[Extracted records]
####################

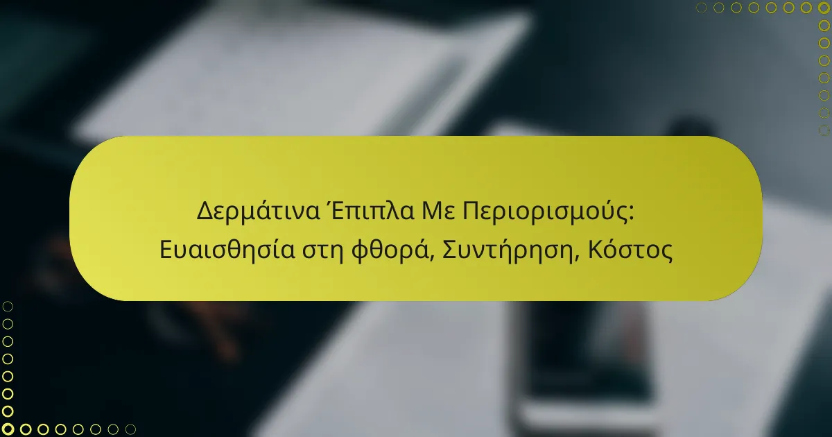 Οι εκτιμήσεις κόστους για δερμάτινα έπιπλα περιλαμβάνουν το αρχικό κόστος αγοράς, το κόστος συντήρησης και επισκευών, καθώς και τη σύγκριση με άλλα υλικά. Είναι σημαντικό να εξεταστούν αυτά τα στοιχεία για να κατανοήσετε την οικονομική αξία των δερμάτινων επίπλων.
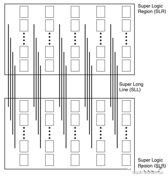 然后现在的Xilinx FPGA基本会用2个Die拼接,也就是SLR(超级逻辑区),这两个Die拥有独立逻辑资源和布线资源,中间用SLL(Super Long Line)连接,所以vivado有自己的跨die寄存器,两个寄存器用SLL连接来优化timing问题。结构如下图所示:
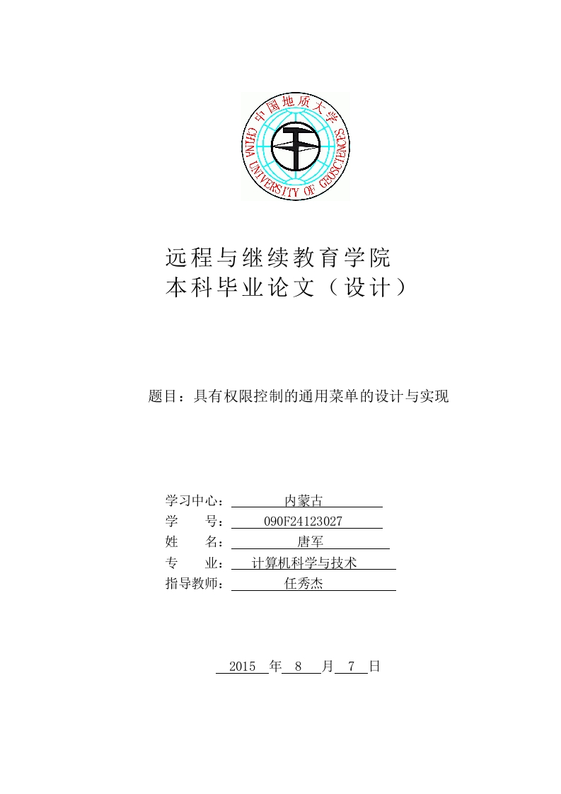 CHINA远程与继续教育学院本科毕业论文(设计)题目:具有权限控制的通用菜单的设计与实现学习中心:内蒙古学号:090F24123027姓名:唐军专业:计算机科学与技术指导教师:任秀杰2015年8_月7日中国地质大学(武汉)远程与继续教育学院毕业设计(论文)中国地质大学(武汉)远程与继续教育学院本科毕业论文(设计)指导教师指导意见表学生姓名:唐军学号:090F24123027专业计算机科学与技术毕业设计(论文)题目:具有权限控制的通用菜单的设计与实现指导教师意见:(请对论文的学术水平做出简要评述。包括选题意义;文献资料的掌握:所用资料、实验结果和计算数据的可靠性:写作规范和逻辑性;文献引用的规范性等。还须明确指出论文中存在的问题和不足之处。)本文选题符合计算机专业要求,充分体现出社会现实的需要。全文结构安排合理,层次清楚,思路清晰,观点正确,能很好的将计算机专业知识与现实生活中的问题有机地结合起来。该文在写作的过程中查阅的资料不仅充分而且与主题结合较为紧密。总体上符合计算机科学与技术专业本科毕业论文要求。指导教师结论:(合格、不合格)指导教师任秀杰所在单位指导时间姓名中国地质大学(武汉)远程与继续教育学院毕业设计(论文)中国地质大学(武汉)远程与继续教育学院本科毕业设计(论文)评阅教师评阅意见表学生姓名:唐军学号:090F24123027专业:计算机科学与技术毕业设计(论文)题目:具有权限控制的通用菜单的设计与实现评阅意见:(请对论文的学术水平做出简要评述。包括选题意义:文献资料的掌握:所用资料、实验结果和计算数据的可靠性:写作规范和逻辑性:文献引用的规范性等。还须明确指出论文中存在的问题和不足之处。)修改意见:(针对上面提出的问题和不足之处提出具体修改意见。评阅成绩合格,并可不用修改直接参加答辩的不必填此意见。)毕业设计(论文)评阅成绩(百分制):评阅结论:(同意答辩、不同意答辩、修改后答辩)评阅人姓名所在单位评阅时间2
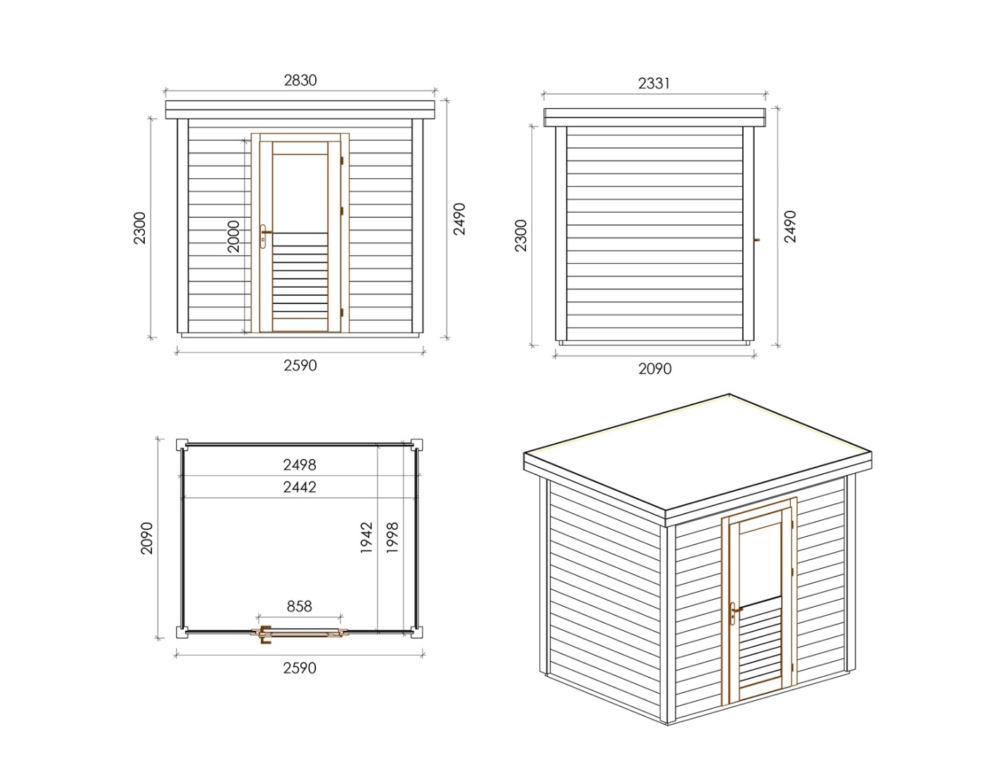 Chalet de jardin en bois 000117 est fait de bois de haute qualité. Les dimensions sont suivantes : 2.59m de large et 2.09m de profondeur ce que garantie beaucoup d'espace à l'intérieur.
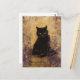 Eine schwarze Katze mit lila Details über einen Vintag aussehenden Hintergrund Die künstlerische Arbeit der KI
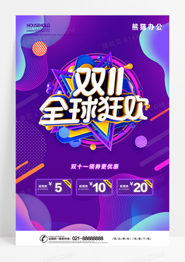 紫色简约C4D立体创意天猫猫头LOGO装饰
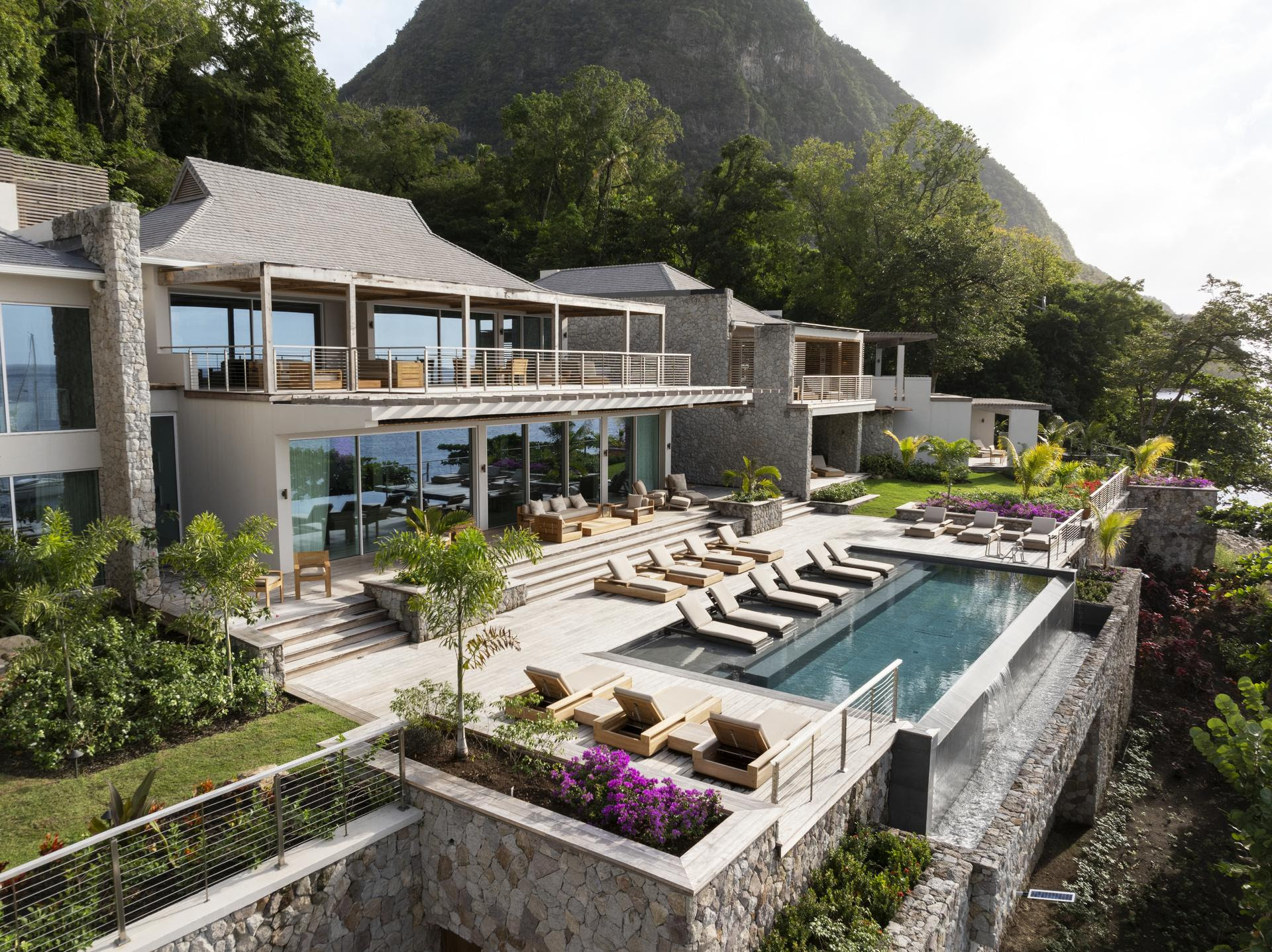 Spice of Life is a 35,000 sq. ft, nine-bedroom residence at Sugar Beach, A Viceroy Resort in St. Lucia, designed by Botelho Wood Architects. Nestled at the scenic convergence of rainforest and the iconic Piton Mountains, it can accommodate up to 18 guests or serve as an intimate retreat for two.
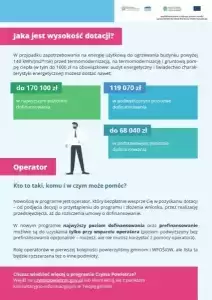 To rozwiązanie zastosowane po raz pierwszy w programie Czyste Powietrze, które obowiązuje od 31 marca br. Rolą operatorów jest wsparcie beneficjentów najwyższego i podwyższonego poziomu dofinansowania, w tym wszystkich beneficjentów korzystających z prefinansowania. Operator poprowadzi beneficjenta krok po kroku przez całą ścieżkę w programie i zapewnia pełną opiekę i wsparcie od podjęcia decyzji o realizacji inwestycji, przez proces inwestycyjny, aż do jego zakończenia i rozliczenia umowy o dofinansowanie.
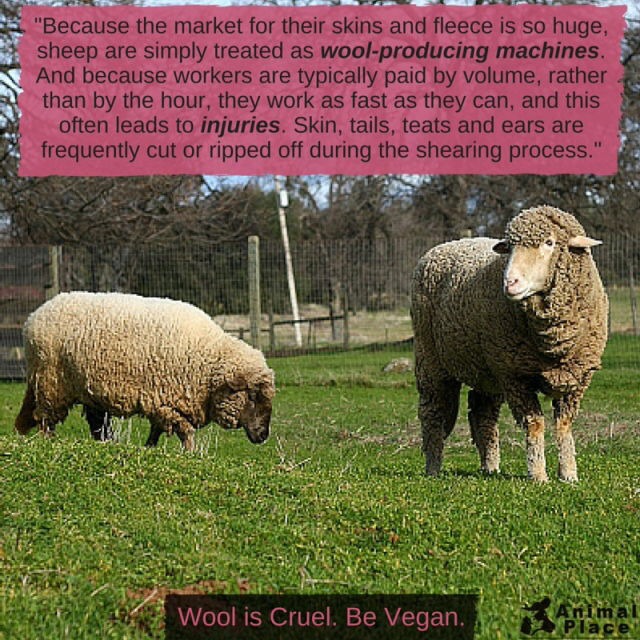 "Из-за большого спроса за их шкуру и шерсть, овцы обычно рассматриваются как, шерстепроизводящие машины. И из-за того, что работникам обычно платят за объём, нежели чем за часы работы, то они работают так быстро, как только могут, и это часто приводит к травмам. Кожа, хвосты, соски и уши довольно часто отрезают, или обстригают в процессе стрижки."
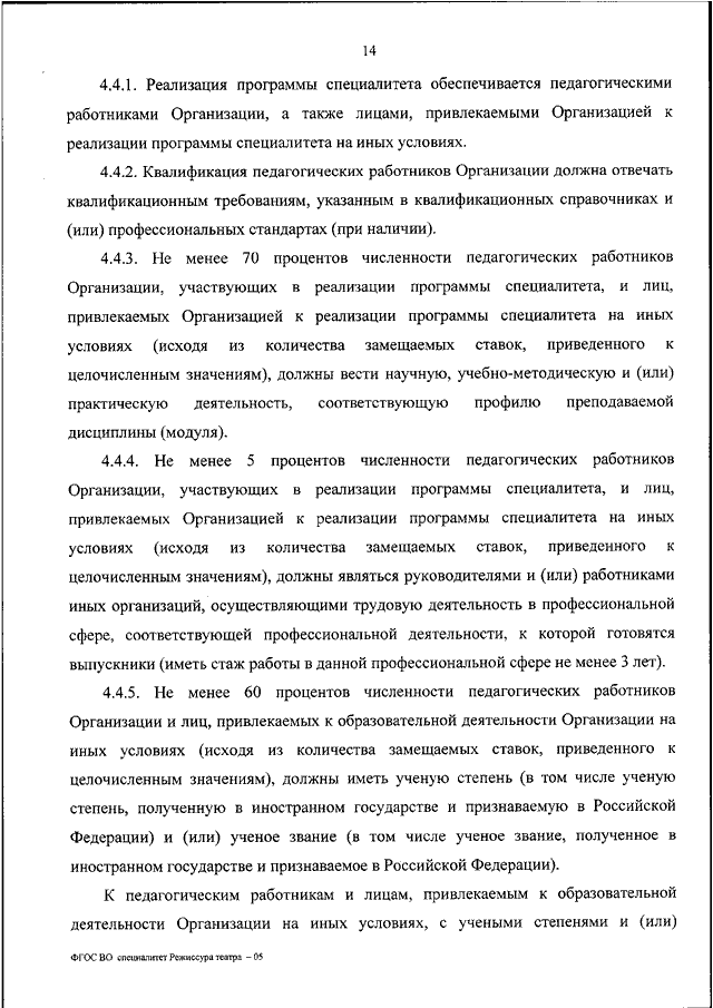 "ОБ УТВЕРЖДЕНИИ ФЕДЕРАЛЬНОГО ГОСУДАРСТВЕННОГО ОБРАЗОВАТЕЛЬНОГО СТАНДАРТА ВЫСШЕГО ОБРАЗОВАНИЯ - СПЕЦИАЛИТЕТ ПО СПЕЦИАЛЬНОСТИ 52.05.02 РЕЖИССУРА ТЕАТРА"
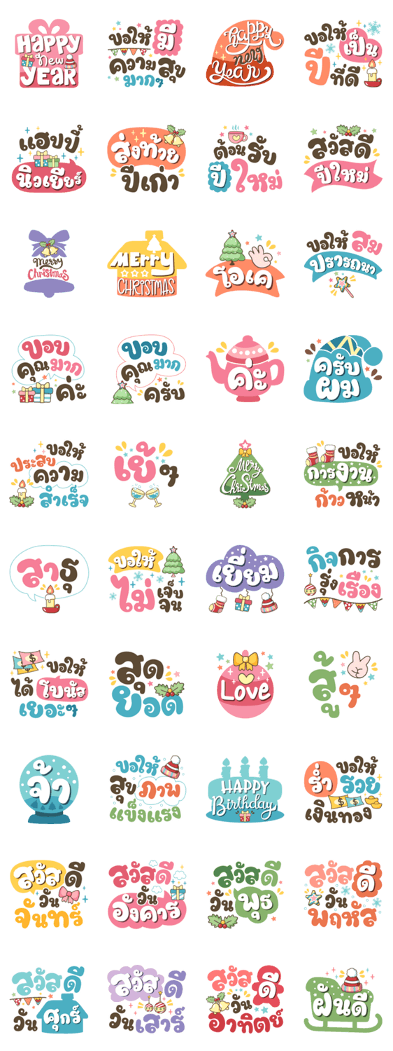 สวัสดีปีใหม่ ขอให้มีความสุข ขอให้เป็นปีที่ดี ส่งท้ายปีเก่า เมอร์รี่คริสต์มาส สมปรารถนา ประสบความสำเร็จ การงานก้าวหน้า สุขภาพแข็งแรง ร่ำรวยเงินทอง สาธุ

####################

[Work task] Copy each line above exactly, with no images.

[Reply]
 Οι εκτιμήσεις κόστους για δερμάτινα έπιπλα περιλαμβάνουν το αρχικό κόστος αγοράς, το κόστος συντήρησης και επισκευών, καθώς και τη σύγκριση με άλλα υλικά. Είναι σημαντικό να εξεταστούν αυτά τα στοιχεία για να κατανοήσετε την οικονομική αξία των δερμάτινων επίπλων.
 然后现在的Xilinx FPGA基本会用2个Die拼接,也就是SLR(超级逻辑区),这两个Die拥有独立逻辑资源和布线资源,中间用SLL(Super Long Line)连接,所以vivado有自己的跨die寄存器,两个寄存器用SLL连接来优化timing问题。结构如下图所示:
 CHINA远程与继续教育学院本科毕业论文(设计)题目:具有权限控制的通用菜单的设计与实现学习中心:内蒙古学号:090F24123027姓名:唐军专业:计算机科学与技术指导教师:任秀杰2015年8_月7日中国地质大学(武汉)远程与继续教育学院毕业设计(论文)中国地质大学(武汉)远程与继续教育学院本科毕业论文(设计)指导教师指导意见表学生姓名:唐军学号:090F24123027专业计算机科学与技术毕业设计(论文)题目:具有权限控制的通用菜单的设计与实现指导教师意见:(请对论文的学术水平做出简要评述。包括选题意义;文献资料的掌握:所用资料、实验结果和计算数据的可靠性:写作规范和逻辑性;文献引用的规范性等。还须明确指出论文中存在的问题和不足之处。)本文选题符合计算机专业要求,充分体现出社会现实的需要。全文结构安排合理,层次清楚,思路清晰,观点正确,能很好的将计算机专业知识与现实生活中的问题有机地结合起来。该文在写作的过程中查阅的资料不仅充分而且与主题结合较为紧密。总体上符合计算机科学与技术专业本科毕业论文要求。指导教师结论:(合格、不合格)指导教师任秀杰所在单位指导时间姓名中国地质大学(武汉)远程与继续教育学院毕业设计(论文)中国地质大学(武汉)远程与继续教育学院本科毕业设计(论文)评阅教师评阅意见表学生姓名:唐军学号:090F24123027专业:计算机科学与技术毕业设计(论文)题目:具有权限控制的通用菜单的设计与实现评阅意见:(请对论文的学术水平做出简要评述。包括选题意义:文献资料的掌握:所用资料、实验结果和计算数据的可靠性:写作规范和逻辑性:文献引用的规范性等。还须明确指出论文中存在的问题和不足之处。)修改意见:(针对上面提出的问题和不足之处提出具体修改意见。评阅成绩合格,并可不用修改直接参加答辩的不必填此意见。)毕业设计(论文)评阅成绩(百分制):评阅结论:(同意答辩、不同意答辩、修改后答辩)评阅人姓名所在单位评阅时间2
 Chalet de jardin en bois 000117 est fait de bois de haute qualité. Les dimensions sont suivantes : 2.59m de large et 2.09m de profondeur ce que garantie beaucoup d'espace à l'intérieur.
 Eine schwarze Katze mit lila Details über einen Vintag aussehenden Hintergrund Die künstlerische Arbeit der KI
 紫色简约C4D立体创意天猫猫头LOGO装饰
 Spice of Life is a 35,000 sq. ft, nine-bedroom residence at Sugar Beach, A Viceroy Resort in St. Lucia, designed by Botelho Wood Architects. Nestled at the scenic convergence of rainforest and the iconic Piton Mountains, it can accommodate up to 18 guests or serve as an intimate retreat for two.
 To rozwiązanie zastosowane po raz pierwszy w programie Czyste Powietrze, które obowiązuje od 31 marca br. Rolą operatorów jest wsparcie beneficjentów najwyższego i podwyższonego poziomu dofinansowania, w tym wszystkich beneficjentów korzystających z prefinansowania. Operator poprowadzi beneficjenta krok po kroku przez całą ścieżkę w programie i zapewnia pełną opiekę i wsparcie od podjęcia decyzji o realizacji inwestycji, przez proces inwestycyjny, aż do jego zakończenia i rozliczenia umowy o dofinansowanie.
 "Из-за большого спроса за их шкуру и шерсть, овцы обычно рассматриваются как, шерстепроизводящие машины. И из-за того, что работникам обычно платят за объём, нежели чем за часы работы, то они работают так быстро, как только могут, и это часто приводит к травмам. Кожа, хвосты, соски и уши довольно часто отрезают, или обстригают в процессе стрижки."
 "ОБ УТВЕРЖДЕНИИ ФЕДЕРАЛЬНОГО ГОСУДАРСТВЕННОГО ОБРАЗОВАТЕЛЬНОГО СТАНДАРТА ВЫСШЕГО ОБРАЗОВАНИЯ - СПЕЦИАЛИТЕТ ПО СПЕЦИАЛЬНОСТИ 52.05.02 РЕЖИССУРА ТЕАТРА"
 สวัสดีปีใหม่ ขอให้มีความสุข ขอให้เป็นปีที่ดี ส่งท้ายปีเก่า เมอร์รี่คริสต์มาส สมปรารถนา ประสบความสำเร็จ การงานก้าวหน้า สุขภาพแข็งแรง ร่ำรวยเงินทอง สาธุ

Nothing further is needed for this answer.